The intelligence community should pursue a better means of gathering intelligence on biological threats, not to count on getting tactical warning of a planned bioterror attack or depend solely on our ability to interdict or thwart such attacks. Focus should be on scientific community with three aspects:

a) To follow and up-to-date advanced bioresearch. We have to make a better coordination between the intelligence community and the scientific health research communities, and provide more resources to the intelligence community for these efforts. There are no easily identifiable footprints marking bioweapons development. The work needed to develop a biological weapon is nearly indistinguishable from legitimate biological science and biotechnology, and such efforts are easily hidden in plain sight;

b) Regularly assess dual-use bioresearch. The transformation of a promising drug candidate into a licensed product typically takes 10 or more years from basic research to approval by the FDA, at a cost of hundreds of millions of dollars. It is estimated that of every 5,000 “candidate” drugs that look promising on the lab bench, only 5 enter clinical trials, and only 1 of those achieves FDA licensure [4].

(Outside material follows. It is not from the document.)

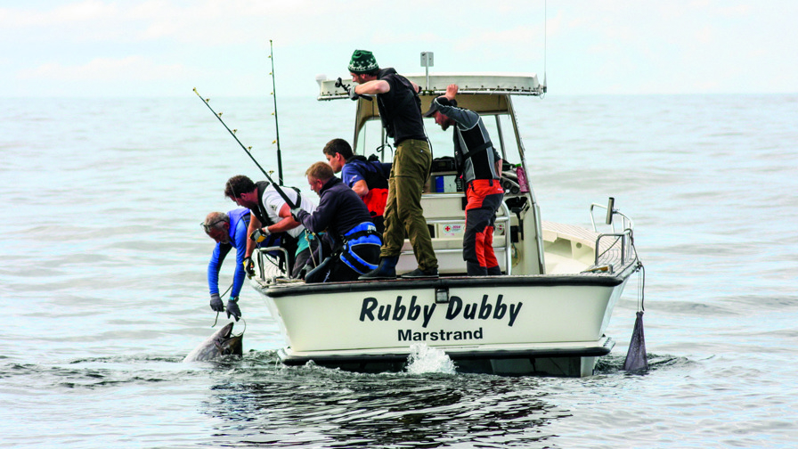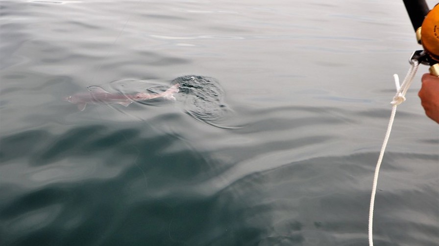 Det var ikke kun tun, der bed på sildene. Der blev fanget masser af småhajer, som alle blev genudsat. Og så blev der set mange tunfisk i overfladen – som desværre ikke kunne lokkes til at tage agnen.

c) Should work internationally to bolster biosurveillance, forensics, training, and biosafety-all measures that could lessen the likelihood of biological weapons development and use. Especially should press ahead with efforts to strengthen microbial forensics capacity. A need to develop the strongest possible scientific capacity to trace back a pathogen to its natural or laboratory origin-an important part of attributing an attack to its source.

Strategy of prevention

A strategy that anticipates a wide range of possible scenarios is necessary. A four levels paradigm of prevention has been proposed [5]. Prevention efforts provide only partial barriers and deterrence against biological attacks. A well-planned, well-rehearsed, and rapidly executed epidemic response can dramatically diminish the consequences of biological attacks. The consequences of a biological attack can be reduced significantly by a rapid medical response to detect, treat, and provide appropriate medical care. The demonstrated capacity to seriously limit the consequences of a biological weapons attack through a rapid and effective response may deter some adversaries from pursuing a biological attack.